Datasets represent labeled tabular data.

Datasets are enumerable:

iex> Dataset.new([{:a, :b, :c},
...>              {:A, :B, :C},
...>              {:i, :ii, :iii},
...>              {:I, :II, :III}],
...>             {"one", "two", "three"})
...> |> Enum.map(&elem(&1, 2))
[:c, :C, :iii, :III]

Datasets are also collectable:

iex> for x <- 0..10, into: Dataset.empty({:n}), do: x
%Dataset{labels: {:n}, rows: [0, 1, 2, 3, 4, 5, 6, 7, 8, 9, 10]}

Link to this section Summary

Functions

Return a dataset with no rows and labels specified by the tuple passed as label. If label is not specified, return an empty dataset with zero columns.

Return the result of performing an inner join on datasets ds1 and ds2, using k1 and k2 as the key labels on each respective dataset. The returned dataset will contain columns for each label specified in out_labels, which is a keyword list of the form [left_or_right: label, ...].

Return the result of performing a left join on datasets ds1 and ds2, using k1 and k2 as the key labels on each respective dataset. The returned dataset will contain columns for each label specified in out_labels, which is a keyword list of the form [left_or_right: label, ...].

Construct a new dataset. A dataset is a list of tuples. With no arguments, an empty dataset with zero columns is constructed. Withf one argument a dataset is constructed with the passed object interpreted as rows and labels beginning with 0 are generated, the number of which are determined by size of the first tuple in the data.

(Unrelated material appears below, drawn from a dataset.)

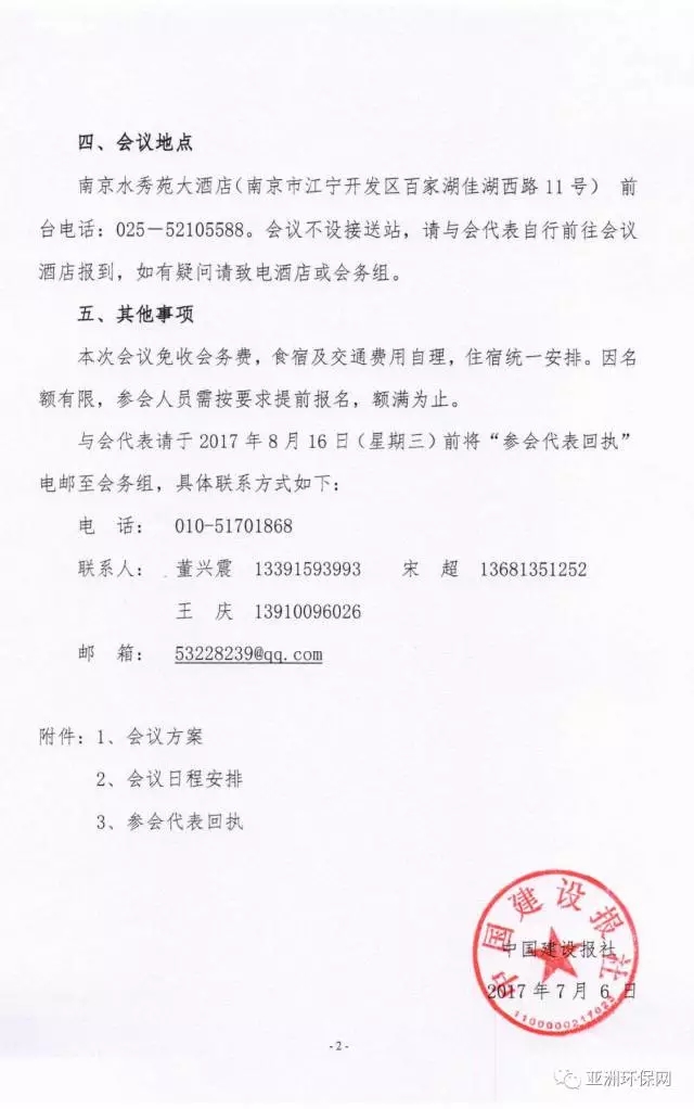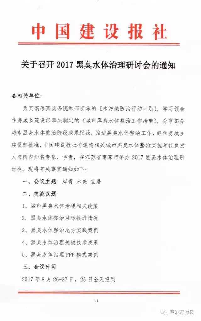 為貫徹落實(shí)國(guó)務(wù)院頒布實(shí)施的《水污染防治行動(dòng)計(jì)劃》,學(xué)習(xí)領(lǐng)會(huì)住房城鄉(xiāng)建設(shè)部與環(huán)境保護(hù)部共同制定的《城市黑臭水體整治工作指南》,分享部分地區(qū)城市黑臭水體整治階段成果經(jīng)驗(yàn),推進(jìn)黑臭水體整治工作,為此,經(jīng)住房城鄉(xiāng)建設(shè)部批準(zhǔn),中國(guó)建設(shè)報(bào)社主辦,邀請(qǐng)相關(guān)城市黑臭水體整治實(shí)施單位負(fù)責(zé)人與國(guó)內(nèi)知名專家、學(xué)者,在江蘇省南京市舉辦2017黑臭水體治理研討會(huì)。現(xiàn)將有關(guān)事宜函告如下:

Return the result of performing an outer join on datasets ds1 and ds2, using k1 and k2 as the key labels on each respective dataset. The returned dataset will contain columns for each label specified in out_labels, which is a keyword list of the form [left_or_right: label, ...].

Return the result of performing a right join on datasets ds1 and ds2, using k1 and k2 as the key labels on each respective dataset. The returned dataset will contain columns for each label specified in out_labels, which is a keyword list of the form [left_or_right: label, ...].

Returns a dataset with each value in row i and column j transposed into row j and column i. The dataset is labelled with integer indicies beginning with zero.

Return a new dataset with columns chosen from the input dataset ds.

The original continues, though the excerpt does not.